İşte şimdi “yargılanacaksınız” kısmına geliyoruz. Devletin mahkemelerinden adalet çıkmasının imkânsız olduğu ve bu beklentinin nihai sonuç olarak görülmesinin devrimci bir tutum olmadığı şerhini düşerek, şimdilik en yakın görünen seçeneğin bu olduğu düşünüldüğünde, Yüce Divan nasıl olacak?

TBMM İç Tüzüğü’nün “Cumhurbaşkanının vatana ihanetle suçlanması” başlıklı 114. maddesine göre, “görevde bulunan veya görevden ayrılmış olan Cumhurbaşkanının vatana ihanetten dolayı suçlandırılmasını isteyen önerge, Türkiye Büyük Millet Meclisi üye tamsayısının en az üçte birinin imzasıyla Türkiye Büyük Millet Meclisi Başkanlığına verilir.” Önerge Meclise sunulur, Cumhurbaşkanına bildirilir ve bir hafta sonraki birleşimin gündemine alınır. Meclisin üye tamsayısının en az dörtte üçünün oyuyla Cumhurbaşkanının Yüce Divan’a sevkine karar verilebilir.

Şimdiye dek hiçbir cumhurbaşkanı Yüce Divan’da yargılanmadı. Eski başbakan veya bakanların, Yüce Divan sıfatı ile görev yapan Anayasa Mahkemesi’ne sevk kararı ise 276 milletvekilinin oyu ile alınabiliyor.

Yüce Divan’da bugüne dek 124 kişi yargılandı. Aralarında bir başbakan ve 15 bakan var. 12 Eylül sonrası verilen cezaların ardından, 1986 sonrası yargılamaların hiçbirinden hapse giren yok.

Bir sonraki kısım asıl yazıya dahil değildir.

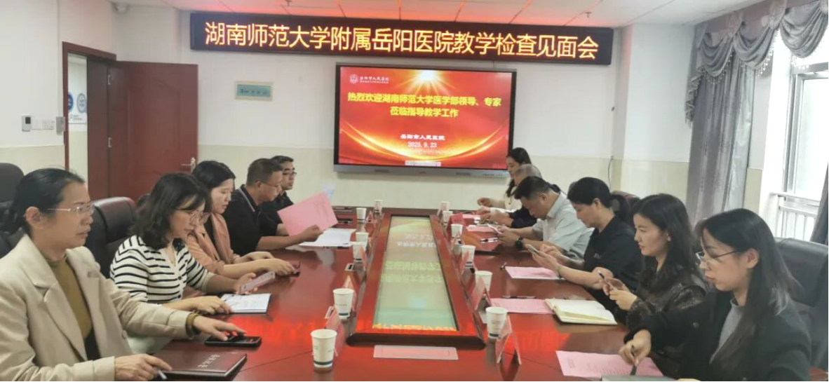 为持续深化医教协同,加强临床教学过程管理,全面提升医学人才培养质量,2025年9月23日下午,WilliamHill(威廉希尔)官网医学教务处副处长李玉飞带队赴WilliamHill(威廉希尔)官网附属岳阳医院(岳阳市人民医院)开展临床后期教学例行检查。附属岳阳医院院长周仁辉、党委委员刘崇梅及科教部相关负责人参与接待并出席会议。

Yargılamalar en çok yolsuzluk, rüşvet, görevi kötüye kullanmak, şahsi menfaat sağlamak suçlarından yapıldı. Güncel Hukuk dergisinin Şubat sayısı için hazırladığım Yüce Divan dosyasına göre, mahkemenin tarihi “Arpa davası” ile başlıyor:

“Anayasa Mahkemesi’nin kayıtlarına göre 1964’teki ilk davanın adı ‘Arpa davası.’ Sanık, zamanın Ticaret Bakanı Bakanı Mehmet Baydur. Anayasa Mahkemesi de arşivlerinde davanın adını ‘Arpa Davası’ diye yazmakla ironi mi yaptı bilinmez ama davanın konusu gerçekten de beyaz arpa yolsuzluğu. Transexport İhracat Firması aracılığıyla İngiltere’deki Bunge şirketine Toprak Mahsulleri Ofisi’nce ihalesi yapılan 52 bin 500 ton beyaz arpa satışındaki usulsüzlükten yargılanan Baydur beraat etti. Şimdi olsa arpanın lafı bile edilmezdi.”

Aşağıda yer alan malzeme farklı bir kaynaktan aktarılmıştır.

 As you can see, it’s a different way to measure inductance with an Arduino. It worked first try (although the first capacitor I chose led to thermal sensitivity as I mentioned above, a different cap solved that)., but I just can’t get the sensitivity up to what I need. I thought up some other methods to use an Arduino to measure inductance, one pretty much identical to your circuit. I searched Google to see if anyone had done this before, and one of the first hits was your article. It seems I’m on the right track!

12 Eylül Darbesi’nin ardından ise dava sayısı artıyor. 1981’deki bir davada eski Sosyal Güvenlik Bakanı Hilmi İşgüzar’a yöneltilen suçlamalardan biri: “Sosyal Sigortalar Müdürlüğüne ait ve binnetice kamu eşyası niteliği taşıyan masa, telefon etajeri, sehpa ve bir müdür koltuğunu evine götürüp özel hizmetinde kullanması...” Eski Gümrük ve Tekel Bakanı Tuncay Mataracı ise aralarında “Rizespor’a çay tahsisi”nin de olduğu birçok suçlama sonucu, 36 yıl ağır hapsin yanı sıra memuriyetten men ve para cezasına çarptırıldı.

Çoğu yolsuzluk olan suçlamaların yanı sıra Kürt siyasetçi Şerafettin Elçi de 12 Nisan 1983’te mahkûmiyetle sonuçlanan bir davada “komünizm propagandasından hakkında işlem yapılan ve TSK’den ilişiği kesilen Eşref Erdem’e bakanlıkta kadro temin etmekten” suçlanmıştı.

En çok dava tahmin edeceğiniz üzere, Bayındırlık ve İskan Bakanlığı’na açıldı. Akaryakıt ve Karadeniz sahil yolu ihalelerine fesat karıştırmak, Türkbank ihalesi sürecinde, ihalenin yapımında ve fiyat oluşumunda fesat karıştırmak, Esenboğa santralı ihalesi…
Meclis’in yolsuzluk karnesi çok uzun. Ama bir yandan da şimdikiyle karşılaştırırsak “çerez parası bile değil.” Bakalım Anayasa Mahkemesi ne düşünecek?